На этот раз Миша не промолчал. Кривовато ухмыльнулся и с мрачной иронией произнёс:
– Очевидно, мы мешали ей отдыхать.
В этот момент Макс, заметивший наконец, что его приятели, в отличие от него, не резвятся, а с пасмурными лицами обсуждают что-то серьёзное, тоже прекратил своё беспричинное веселье, перестал жестикулировать и издавать невнятные звуки и удивлённо уставился на спутников, которые, как он всё более убеждался, по непонятной причине были сегодня какие-то странные и держались так, будто у них случилось что-то чрезвычайное. Он попытался было выяснить, что именно, но друзья не отвечали на его вопросы и вообще вели себя так, словно его тут и не было. В результате Макс обиделся, надулся и отошёл от них, принявшись делать вид, что обозревает окрестности.

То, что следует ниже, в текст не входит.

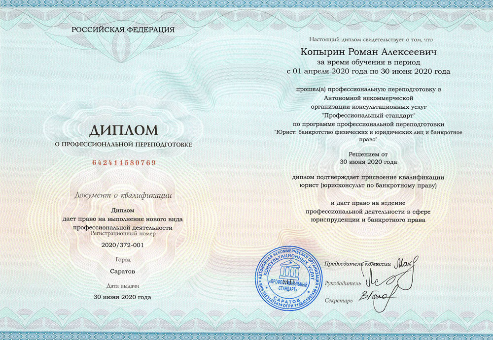 Название программы: Юрист: банкротство физических и юридических лиц и банкротное право.

То же самое попытались делать и Миша с Димоном, разговор которых иссяк. Чувствуя, что они уже не смогут сказать друг другу ничего нового, они, как-то неловко примолкнув, с усталыми, отрешёнными лицами стали озираться вокруг, как будто стараясь найти некоторое утешение и забвение в окружающем пейзаже, действительно настраивавшем на спокойный, безмятежный лад, резко контрастировавший со смятением и разбродом, которыми были объяты их души.

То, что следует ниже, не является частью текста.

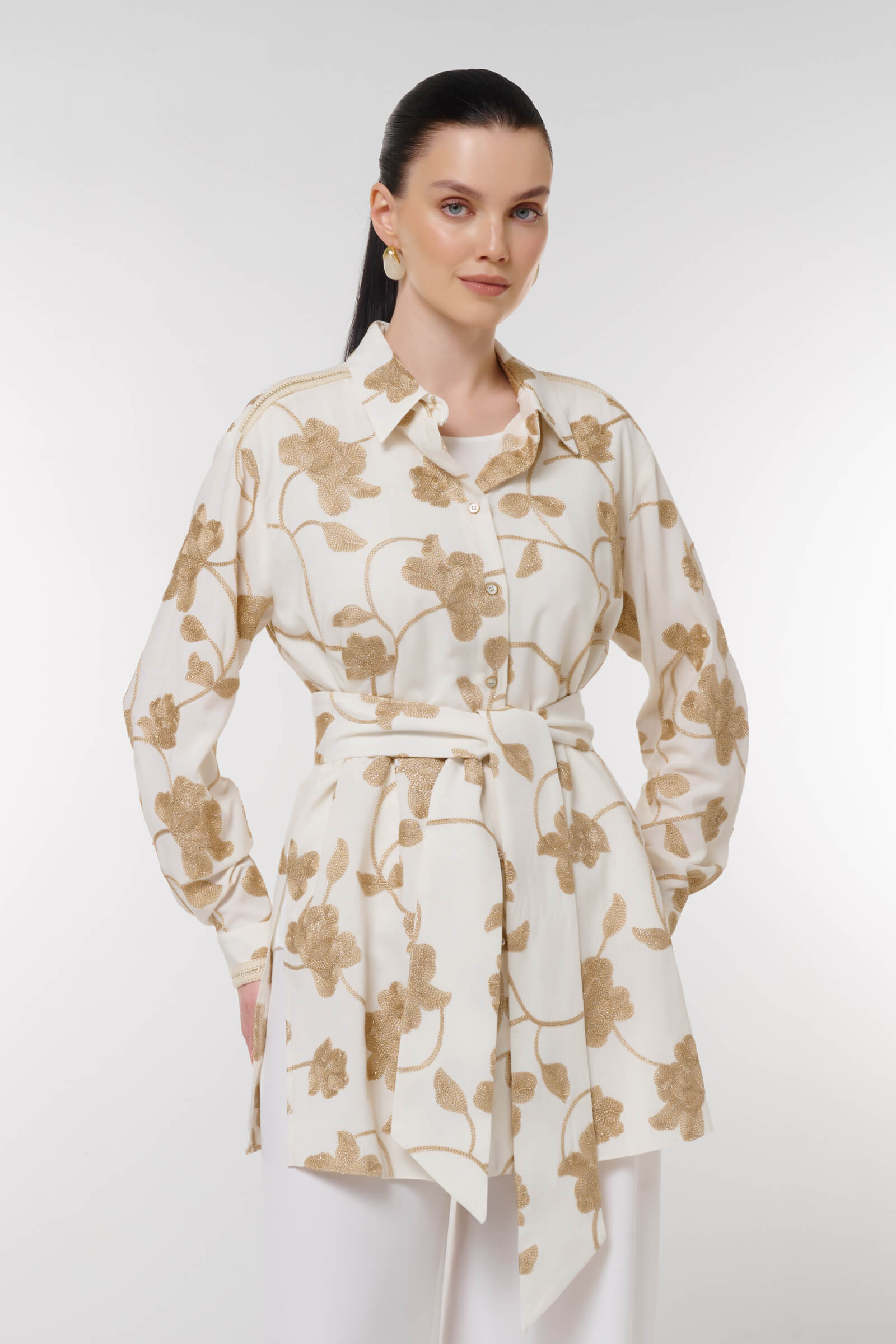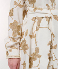 Эта шикарная блуза с цветочным узором — идеальный выбор для стильных образов на любой случай. Золотистые акценты придают ей особую изысканность, а свободный крой и пояс подчеркивают фигурные линии. Благодаря длинным рукавам и классическому колпаку, эта блуза отлично подойдет как для офисного стиля, так и для вечерних мероприятий. Создайте уникальный образ, сочетая её с юбками, брюками или шортами!

Вокруг царили тишина, покой, безлюдье. Свежий вечерний воздух, пронизанный притушенным рассеянным сиянием и волнуемый всё чаще налетавшим прохладным ветерком, как будто слегка переливался и чуть-чуть искрился яркими бликами, вспыхивавшими от соприкосновения солнечных лучей с поверхностью реки. Над пустым пляжем протянулись сумрачные тени, окрасившие желтый песок в блёкло-серые тона. В густых переплетённых купах деревьев сгущалась тьма. Далеко-далеко, на восточной окраине неба, куда уже не достигало слабеющее мерцание утомлённого светила, смутно обозначились первые звёзды. Картину всеобщего умиротворения и безмолвия довершали вялые, полусонные утки, медленно, точно в забытьи, скользившие по воде, и чайки, устало чертившие меркнущую высь угловатыми серебристыми крыльями и оглашавшие её приглушёнными печальными вскриками.

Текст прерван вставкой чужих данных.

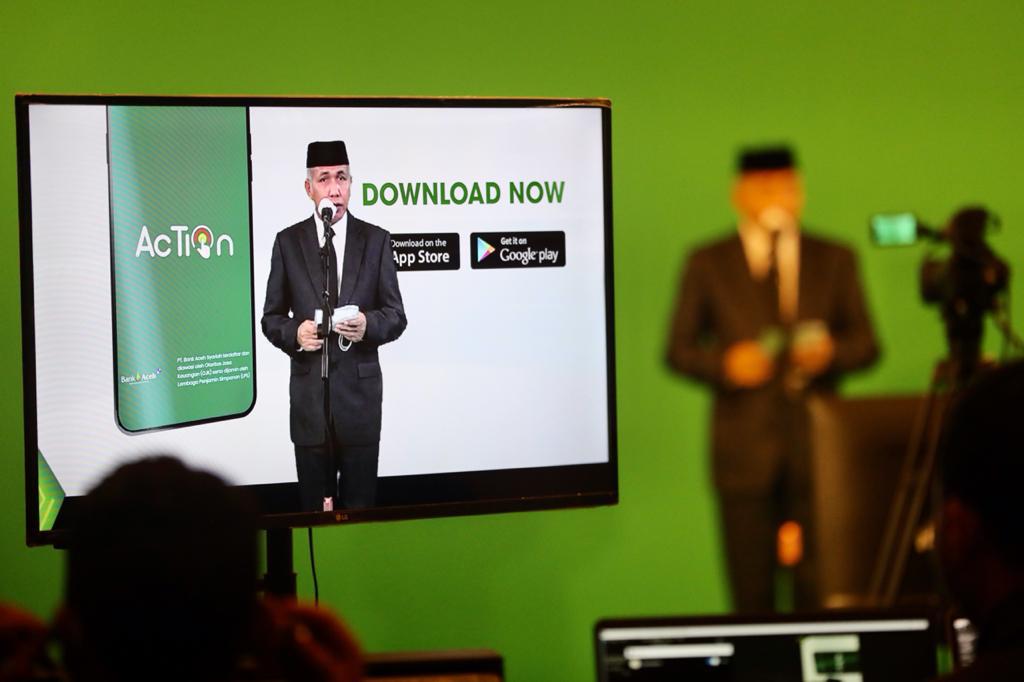 Banda Aceh- Gubernur Aceh, Nova Iriansyah, meluncurkan secara resmi aplikasi mobile banking Bank Aceh Syariah yang diberi nama Action (Aceh Transaksi Online), di Hermes Palace Hotel, Banda Aceh, Selasa, (10/11/2020).

Остановившийся, чуть прищуренный Димонов взор был устремлён на другой берег. Там было ещё пустыннее и глуше. Не было даже намёка на присутствие человека и вообще чего-то живого. Только разрозненные, разбросанные на огромном просторе островки растительности, деревьев и кустов, облитые медно-красным закатным отсветом, да бескрайнее море высокой изумрудной травы, плавно, волнообразно колыхавшейся под порывами ветра и напоминавшей волнующийся океан. И где-то в беспредельной дали, на линии горизонта, – тонкая чёрная полоска леса, окаймлявшая всё видимое пространство и местами тонувшая в плотневшем сумраке. Глаз различал повисший над нею бледный полупрозрачный серпик луны. На противоположных краях небосвода расположились, будто противостоя одно другому, два небесных светила: тускневшее, умиравшее солнце, бросавшее на землю свои прощальные косые лучи, и молодой, рождавшийся месяц, едва заметный пока что, но уже готовившийся вступить в свои права.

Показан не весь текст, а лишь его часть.